После подобных высказываний, как правило, начинались жаркие дискуссии.
В конце мая Клаус впервые после ранения встал на ноги. Еще через месяц он отложил в сторону костыли, но окончательно хромота не проходила, и он понимал, что ему еще долго придется пользоваться тростью. В середине лета он уехал в свое скромное родовое имение под Ольденбургом. Клаус еще не был уволен из ВМФ и считался отпускником по ранению.
Однажды, в середине августа, к парадному крыльцу дома подъехало несколько легковых автомобилей. Услыхав шум хлопающих дверей и выглянув в окно, Клаус увидел группу старших морских офицеров, направлявшихся ко входу. Он запахнул халат, взял трость и стал спускаться в холл, где Вильгельм — старый денщик его отца — уже впускал гостей.
Вошедшие офицеры сняли фуражки и держали их в левых, согнутых в локте руках, козырьками вперед. Они молча ждали, когда Клаус сойдет вниз по лестнице. По их церемониальному виду и многоярусным галунам на рукавах он понял, что случилось нечто важное.
Вперед выступил красивый немолодой адмирал с седеющими висками и печальным лицом. Клаус узнал Эриха Редера и замер у последней ступеньки лестницы.
— Гроссадмирал! — произнес он тихо.
Редер отдал свою фуражку адъютанту и подошел. Они не были знакомы, но он обратился по имени.
— Клаус, у меня плохие новости, мужайтесь.
Редер слегка повернул голову. Адъютант извлек из своей папки какой-то документ и передал ему.
— Две недели назад у западного побережья Африки подорвался на мине итальянский пароход «Литторио». Среди пассажиров парохода были ваши родители. Они возвращались в рейх инкогнито. Из пассажиров спаслось лишь несколько человек. Увы, как нам стало окончательно известно два дня назад, в списке спасенных супружеской четы Тротта нет.
Редер протянул двойной, сложенный пополам в виде папки лист жесткой бумаги кремового цвета, каждая половина которого была обведена черной рамкой и украшена имперской печатью.
— Это официальное свидетельство о смерти Йозефа фон Тротта и его жены. Здесь точное время и координаты гибели «Литторио». Документ заверен канцелярией Генерального штаба Кригсмарине и подписан мною.
Слегка подрагивающей рукой Клаус взял свидетельство и стоял с ним, не зная, что сказать.
— Генеральный штаб искренне разделяет с вами эту утрату, лейтенант. Фюрер также поручил мне передать вам слова соболезнования. Он знает о вашем тяжелом ранении и готов принять участие в вашей дальнейшей судьбе.
Гроссадмирал взял Клауса под локоть, подвел к свите и представил ему каждого из офицеров. Клаус увидел в глазах адмиралов и капитанов сочувствие и был тронут.
— Кофе, господа? — предложил он, когда все надели фуражки.
— Нет, лейтенант, не тот случай, да и времени нет. Давайте-ка выйдем в парк на несколько слов.
Редер снова взял Клауса под руку, и они вышли на крыльцо. Стоявшая у машин охрана щелкнула каблуками. Вдали Клаус заметил бронетранспортер с зенитным автоматом на крыше. Они спустились с крыльца и вдвоем пошли по направлению к аллее старого и весьма запущенного парка.
— Я поинтересовался вашими медицинскими показателями, Клаус. К сожалению, о возвращении на корабль пока говорить не приходится. По крайней мере, ближайший год. Но мне не хочется списывать молодого и достойного офицера. — Редер остановился и посмотрел Клаусу в глаза. — Что вы ответите на мое предложение сменить ваши золотые галуны и пуговицы на серебряные? Разумеется, после тщательного долечивания.

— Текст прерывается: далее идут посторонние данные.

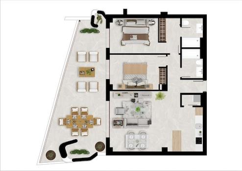 Das Bauprojekt Fuente Lirios besteht aus einem Gebäude in zentraler Lage mit 28 Apartments im mediterranen Stil mit 1, 2 oder 3 Schlafzimmern, und 1 oder 2 Badezimmern.

— Чем же я буду заниматься, гроссадмирал?
— Работы в морском ведомстве много, фон Тротта. В конце концов, вы можете пойти по стопам отца. Не сразу, конечно.
— Благодарю вас, гроссадмирал. Конечно, я согласен.
— Вот и отлично! Как поправитесь, я жду вас в Берлина, оберлейтенант. Да-да, — увидев недоумение на лице собеседника, добавил Редер, — с сегодняшнего дня ваш служебный чин соответствует рангу оберлейтенанта.
Он приложил руку к козырьку и направился к машинам. Захлопали дверцы, загудели моторы, и через минуту только облачка сизого тумана стелились над гаревой дорожкой.
— Пойдемте, Вильгельм, — сказал Клаус, проходя мимо окаменевшего от страшного известия старого денщика, — помянем родителей.
* * *
В начале октября в квартире Вангеров зазвонил телефон. Эрна взяла трубку.
— Алло!
— Эрна!
— Клаус! Ты где?
— На вашем вокзале.
— Ты в Мюнхене? Почему не предупредил? Приезжай немедленно!
— Я здесь проездом, Эрна. Мой поезд через час. Если сможешь, приезжай сюда. Я буду ждать у билетных касс.
Через полчаса Эрна была на вокзале. Клаус стоял возле окна недалеко от крайней кассы. Он с нетерпением поглядывал на стрелки настенных часов. В одной руке он держал трость, через другую был перекинут форменный плащ.
Эрна подбежала и остановилась в шаге от него. Она сразу отметила произошедшие в облике Клауса перемены. Больничная бледность на его лице прошла. Он был бодр, однако улыбка выражала скорее растерянность нежели былую самоуверенность с едва уловимым налетом превосходства.
Все нашивки и пуговицы на его темно-синем мундире имели теперь серебристо-белый цвет. Над двойными галунами на рукавах были вышиты маленькие орлы с замысловатыми вензелями под свастикой. Фуражку вместо кожаного ремешка украшал серебряный шнур. Слева на кителе рядом с крейсерским знаком был пристегнут круглый значок за прорыв морской блокады. Ниже — серебряный знак за ранение второй степени. В пуговичной петлице краснела ленточка Железного креста второго класса.
Эрна подошла и ткнулась лбом в его плечо.
— Клаус, куда ты едешь?
— Снова в Брест, Эрна.
— Зачем? Ведь твоего «Принца» там нет.
— Теперь я чиновник административной службы, и корабль мне не нужен. Раньше я сам называл таких береговыми крысами.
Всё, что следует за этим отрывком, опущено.